Sunday, January 15, 2012

Community Economic Independance Index

One can measure the capacity of any community to be independently wealthy, independently prosperous.

If you take where I live, Fox Valley, St Charles, Geneva, Batavia and remove components known to not be directly contributory to the economy of the marketplace, in other words these components live FROM the marketplace, produce no GDP, are simply money transfers, even if beneficial, you will discover quickly what the remainder is and that will be the Community Economic Independence Index.

Take all incomes from all individuals in the community, then, subtract those that are paid to people from Churches, Charitable Organizations, Government Salaries, Payments FROM government including Social Security, Welfare and any employee of agency funded by taxpayer dollars or charitable contributions.

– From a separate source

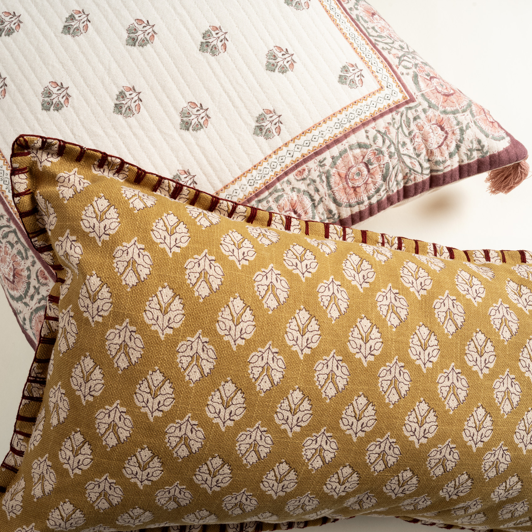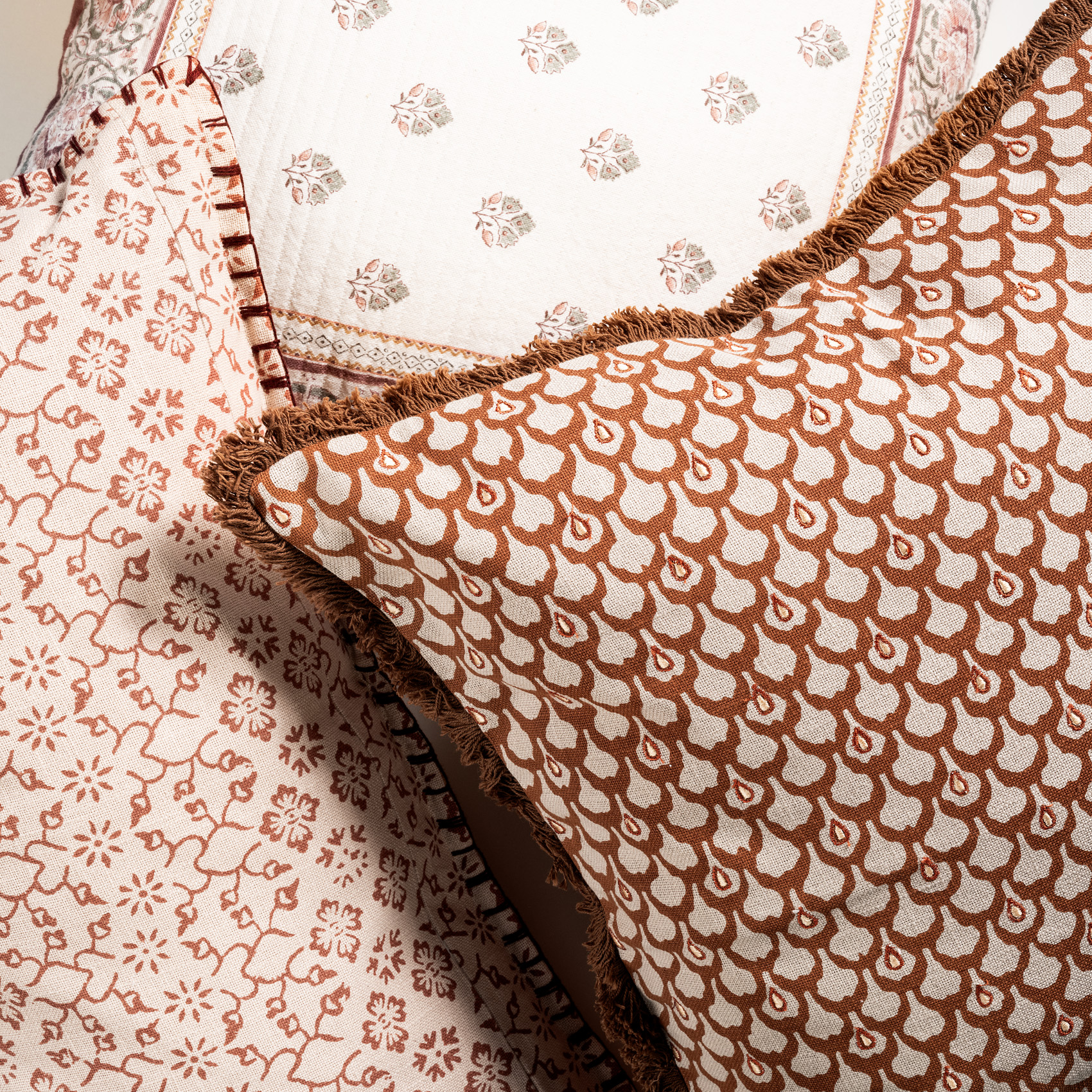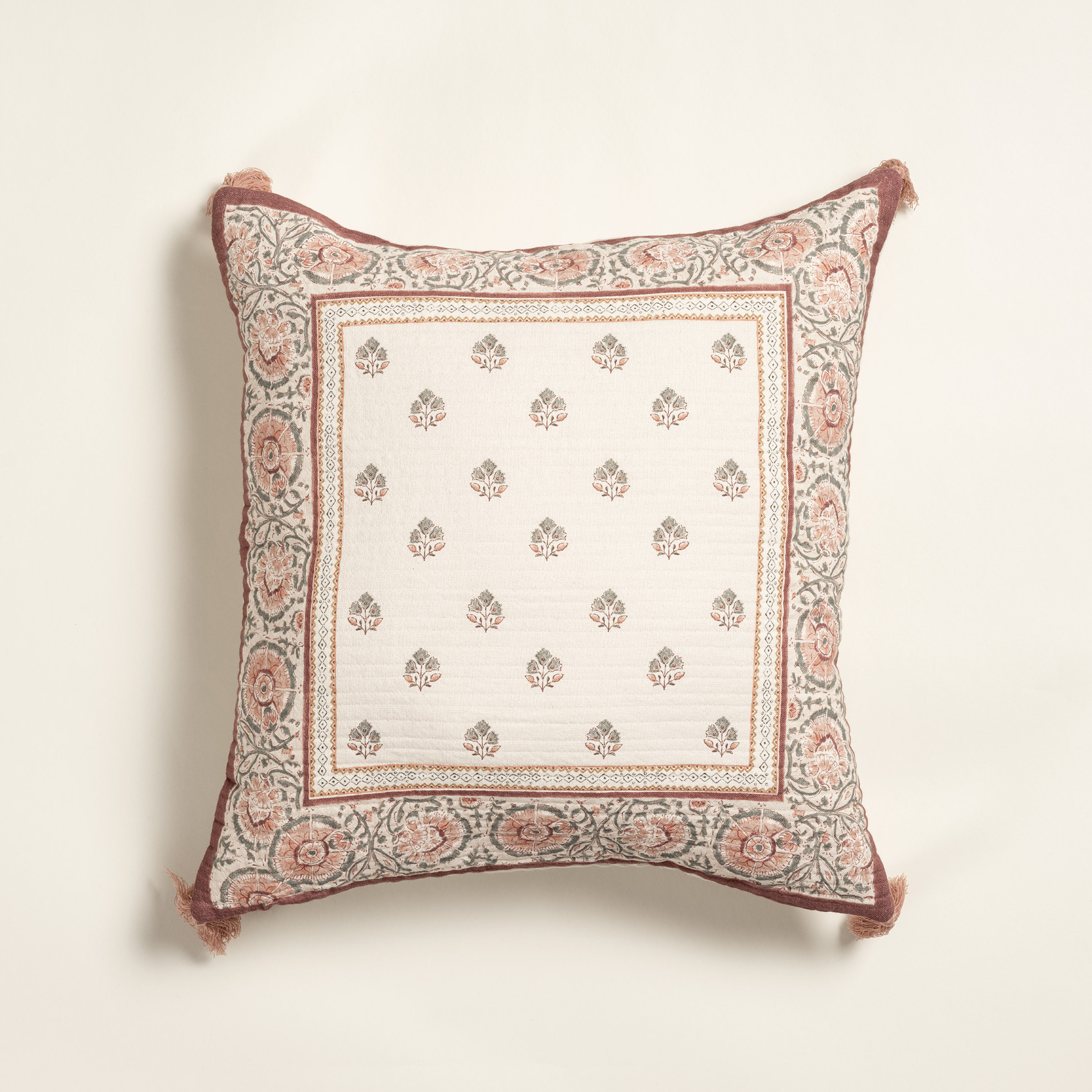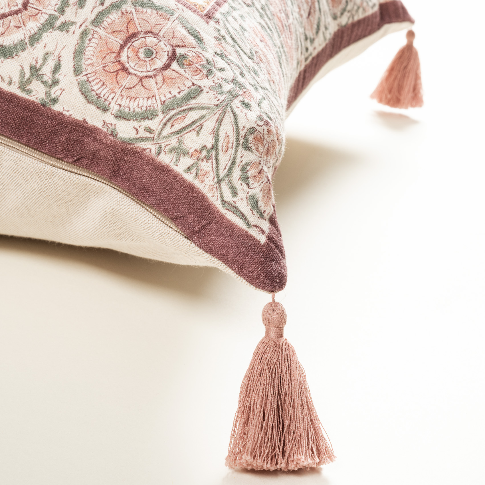 Nilüfer Baskılı Püsküllü Pamuk %100 Pamuk Dolgulu Kırlent 50x50 Cm Renkli

That will leave business owners, people who work for them in business, agriculture (exclusive of payments made to farmers) and all others who by the work the do earn income for products or services rendered.

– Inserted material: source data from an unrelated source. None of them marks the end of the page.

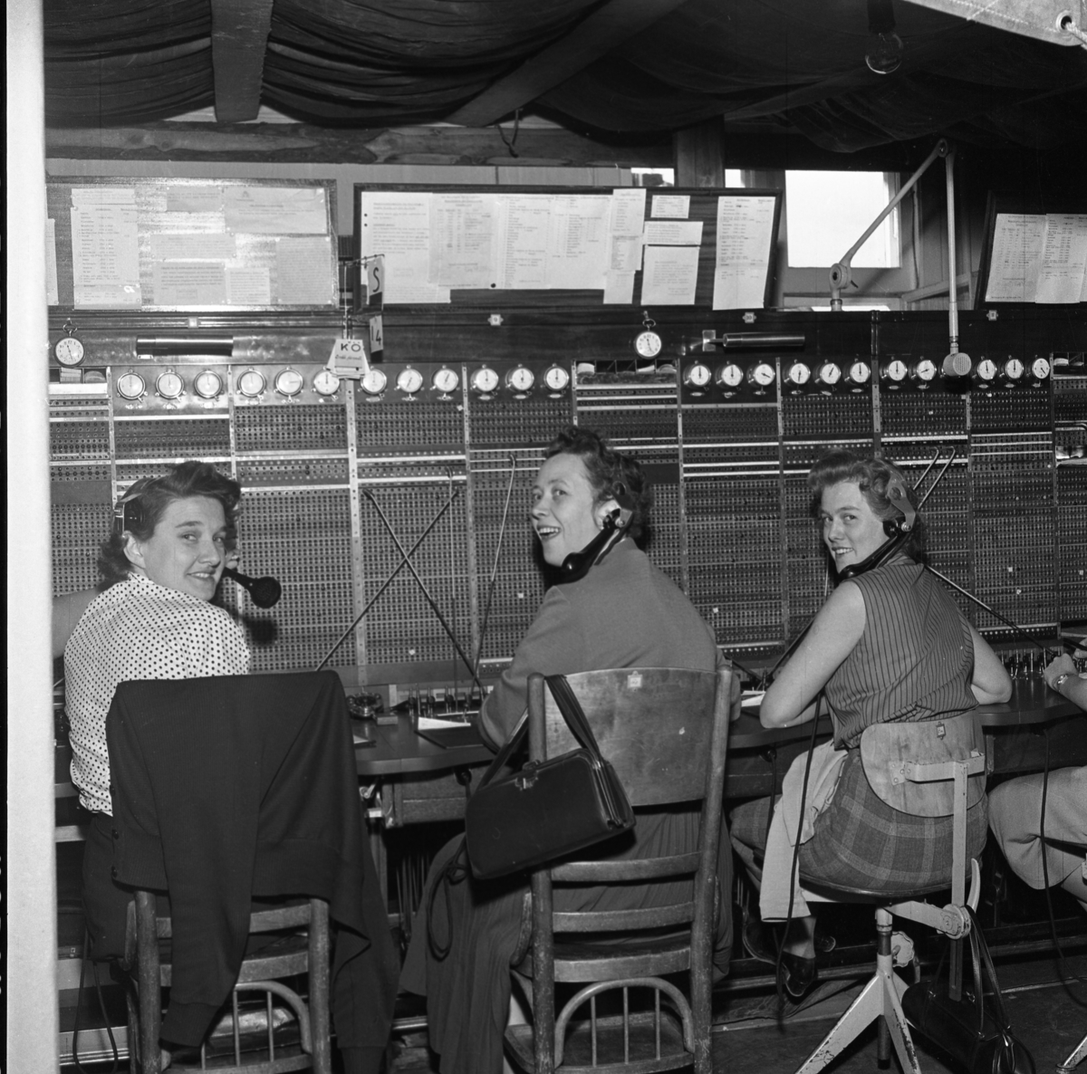 Klockorna, som hänger på rad, visar hur många perioder samtalen varat. Kvinnorna har en telefonlur hängande intill örat.
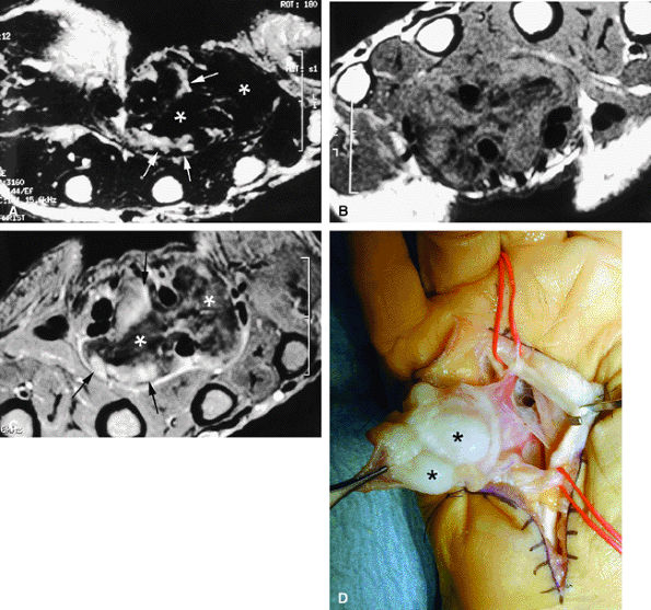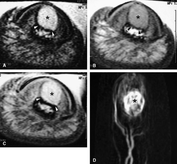FIGURE 11.128 ● Vascular-type glomus tumor (asterisk) of the nail bed with the most common signal characteristics. (A) Axial T2-weighted image. T1-weighted images before (B) and after (C) injection of gadolinium. (D) MR angiogram. The tumor is located on the midline with an underlying bone erosion (arrowheads). The signal is high on T2-weighted images and slightly high on T1-weighted images. There is strong post-contrast enhancement on T1-weighted images and MR angiography.
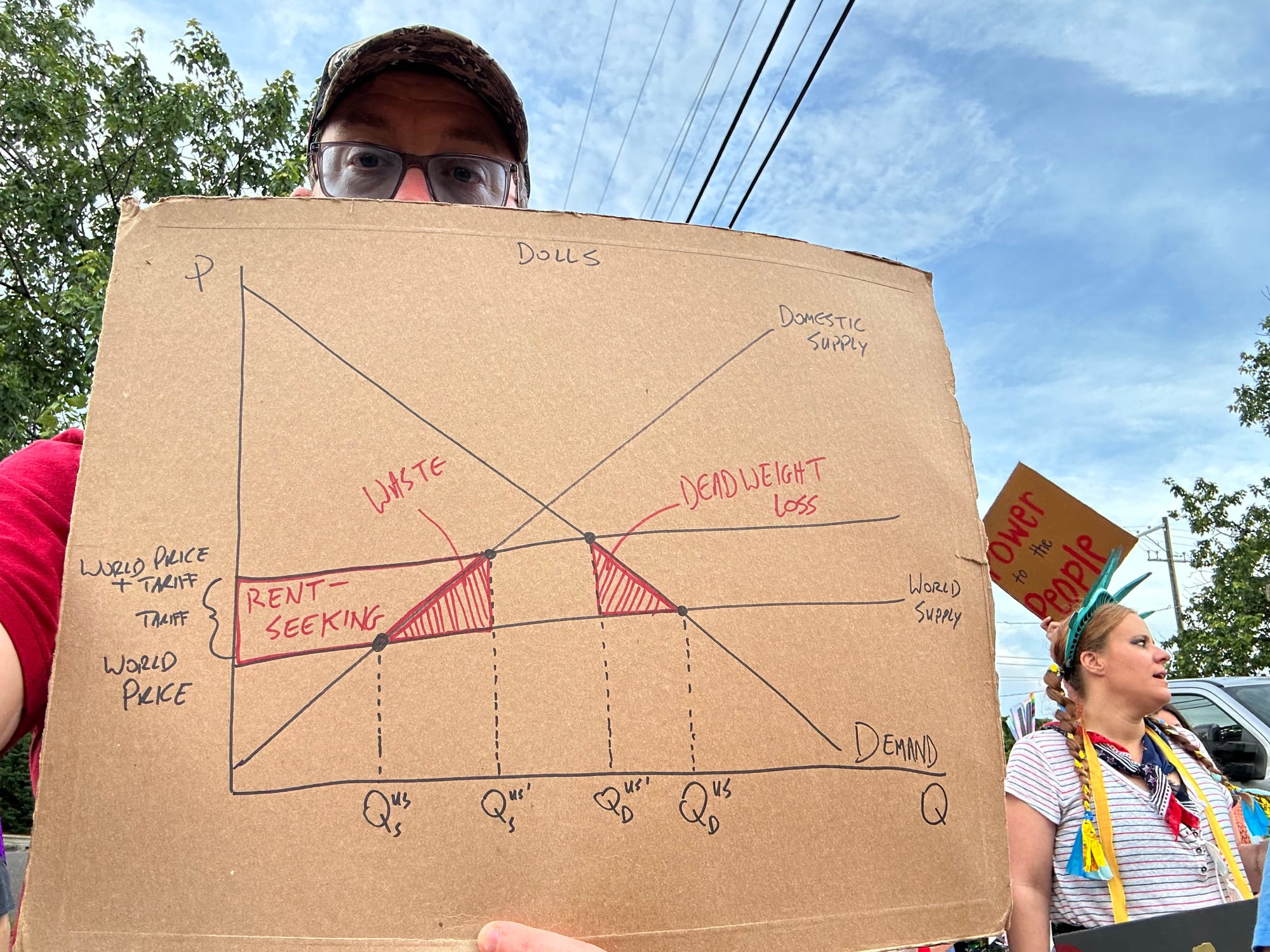 I wasn't planning to go, but some friends said they were going. So we made signs and joined in. As I've told everyone, the best thing about this sign is that I can use it again when the Democrats are back in power. Protectionism, sadly, is a bipartisan indulgence.
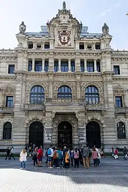 The Bizkaia Delegation Palace is an eclectic mansion in the Ensanche area of Bilbao, Spain. It's the seat of the executive branch of Government of Biscay, the legislative assembly meets in Gernika. The Biscay Palace of the Foral Deputation (also known as simply The Foral Palace), located at 25 Gran Vía, Bilbao, is a free-standing rectangular building, of solid and majestic appearance. Designed by the architect Luis Aladrén Mendivil, it is considered “a pinnacle work of Alfonsine eclecticism” in Vizcaya. It was built between 1890 and 1900 by the Gran Vía de Don Diego López de Haro avenue.
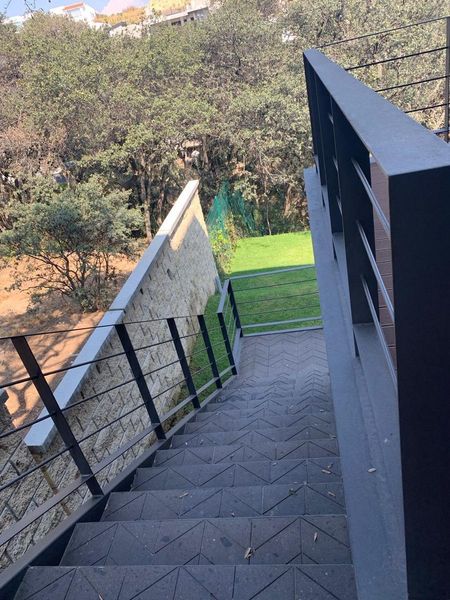 Vestíbulo grande y agradable con baño de visitas elegante, recibe hacia una elegante estancia que divisa precioso horizonte boscoso de vistas ininterrumpidas. Un ambiente tan bello que todo mundo atrae. Se abre a una gran terraza panorámica para aprovechar el aroma a bosque del lugar. Plafón de vigas expuestas impecablemente restauradas con iluminación led entre cada una de ellas. Una rareza encontrar tan original diseño vintage moderno. Comedor grande integrado a sala para la convivencia social abierta e integrada. ofreciendo amplio espacio para una cena festiva.

Nothing else counts. Sorry.

The net of that calculation, even informally, will give you good reason to understand why and how some communities seem to prosper and some seem to founder.

If you take adjacent cities of Elgin or Aurora in the Fox Valley, you quickly see the difference. Same geography, same river runs thru, but the net result is very different.

I know this isn't a popular viewpoint, but we must see the truth. Working in a charity, being in the ministry or working in government shouldn't be a way to be enriched. If you do, you are not serving for serving sake and you are NOT contributing to the economy. What y0u do may be valuable, but it doesn't foster economic independence.